# Dinosaur Mummy found



## AngieM2 (May 10, 2002)

http://abcnews.go.com/Video/playerIndex?id=3954224&affil=waay

This was on the news last night, and since there was another thread about dinosaur's - I thought the schooler's would find it interesting.

It has skin and tendons, etc.

Angie


----------



## Cheryl in SD (Apr 22, 2005)

Thanks, that is really cool. (quoting my dd)


----------



## zealot (Feb 6, 2006)

It just goes to show that these critters aren't 65 million years old, like the evolutionists say.


----------



## Guest (Dec 9, 2007)

zealot said:


> It just goes to show that these critters aren't 65 million years old, like the evolutionists say.


 One must admit, it's hard to believe that skin and tendons could survive for millions of years.


----------



## Key (Apr 2, 2005)

Thanks for sharing!


----------



## chickenista (Mar 24, 2007)

zealot said:


> It just goes to show that these critters aren't 65 million years old, like the evolutionists say.


Not a mummy like an Egyptian with wrappings etc....
but fossilized in such a way as to preserve the skin, tendons etc...
Similar in nature to the bogmen "mummies" that were preserved by the heavy muds etc.. with their skin and hair and clothing..

no, not dinosaurs wrapped up by man...


----------



## zealot (Feb 6, 2006)

That's not what I meant. I simply was saying that soft tissues don't last like that for millions of years.


----------



## TwoAcresAndAGoat (Jul 19, 2003)

Mummy is a poor word choice for the fossil found.

While they call it a mummy, the 1999 North Dakota dinosaur find is not really a mummy preserved like King Tut was. The dinosaur body has been fossilized into stone.

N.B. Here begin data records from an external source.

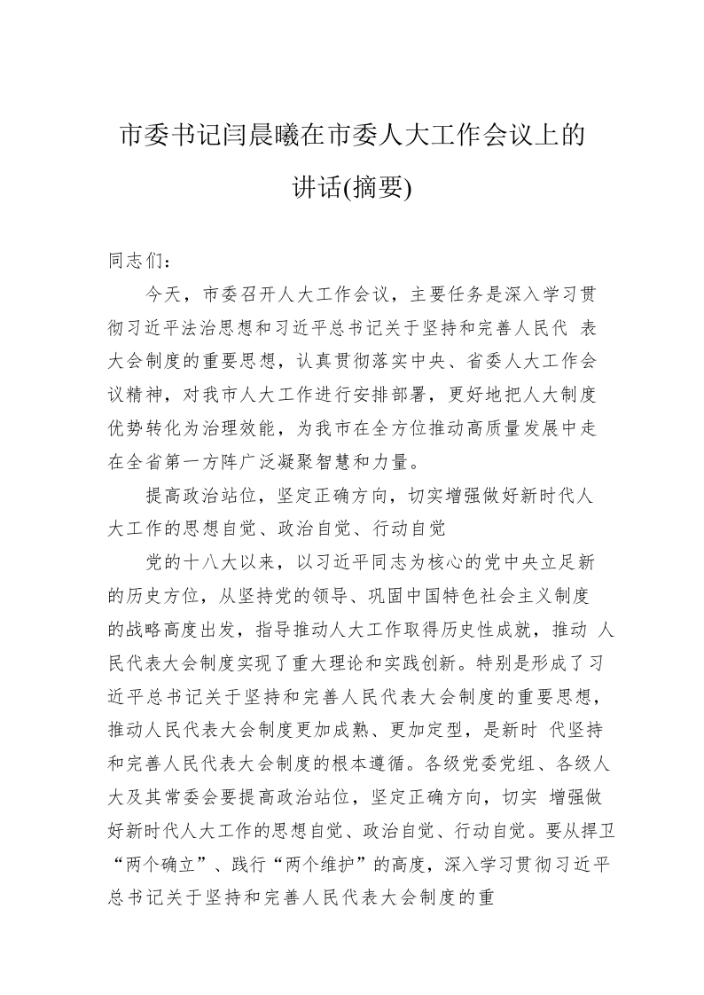 / 市委书记闫晨曦在市委人大工作会议上的讲话(摘要)(20220711)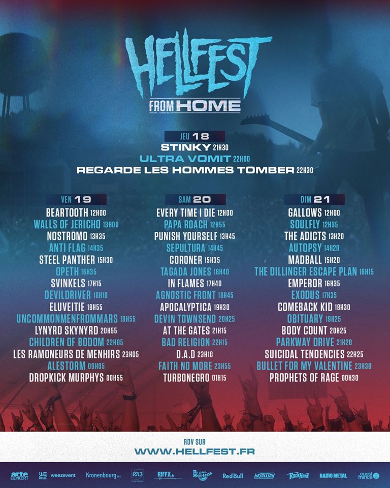 Depuis hier soir 20h, les hostilités ont débuté sur Arte Concert et Hellfest.fr. Ne loupez pas 15 concerts/jour pour un Hellfest From Home. Le reportage « Hellfest, 15 ans de bruit » diffusé hier soir en exclue sur Hellfest.fr sera retransmis le 26 juin à 23h55 sur la chaîne Arte. Idem, demain, à 1h05 sur la chaîne Arte sera retransmis le best-of de l’année 2019 (reportage déjà disponible sur Arte concert).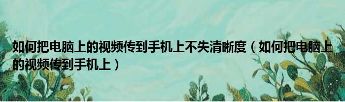 大家好,今天小六子来为大家解答以下的问题,关于如何把电脑上的视频传到手机上不失清晰度,如何把电脑上的视频传到手机上这个很多人还不知道,现在让我们一起来看看吧!

Soft parts of dead animals normally decompose rapidly after death. Because of chemical conditions where this animal died, fossilization -- replacement of tissues by minerals -- took place faster than the decomposition, leaving mineralized portions of the tissue.

http://dsc.discovery.com/news/2007/12/03/dinosaur-mummy-run.html?dcitc=w19-506-ak-0003


----------



## hillsidedigger (Sep 19, 2006)

Its just goes to show that under the right conditions skin and tendons might be preserved for 65 million years or more.


----------



## DaleK (Sep 23, 2004)

hillsidedigger said:


> Its just goes to show that under the right conditions skin and tendons might be preserved for 65 million years or more.


Thought Keith Richards was already proof of that?


----------



## Oggie (May 29, 2003)

hillsidedigger said:


> Its just goes to show that under the right conditions skin and tendons might be preserved for 65 million years or more.


Wouldn't that be the imprint or form of such tissue and not the actual tissues themselves?


----------



## Ernie (Jul 22, 2007)

Think of it like petrified wood. The cellulose and lignin is replaced by hard insoluble minerals and the whole thing turns to stone. 

However, this find proves nothing in any argument. It's just an interesting specimen. For either side of the debate to use it is flimsy science at best.


----------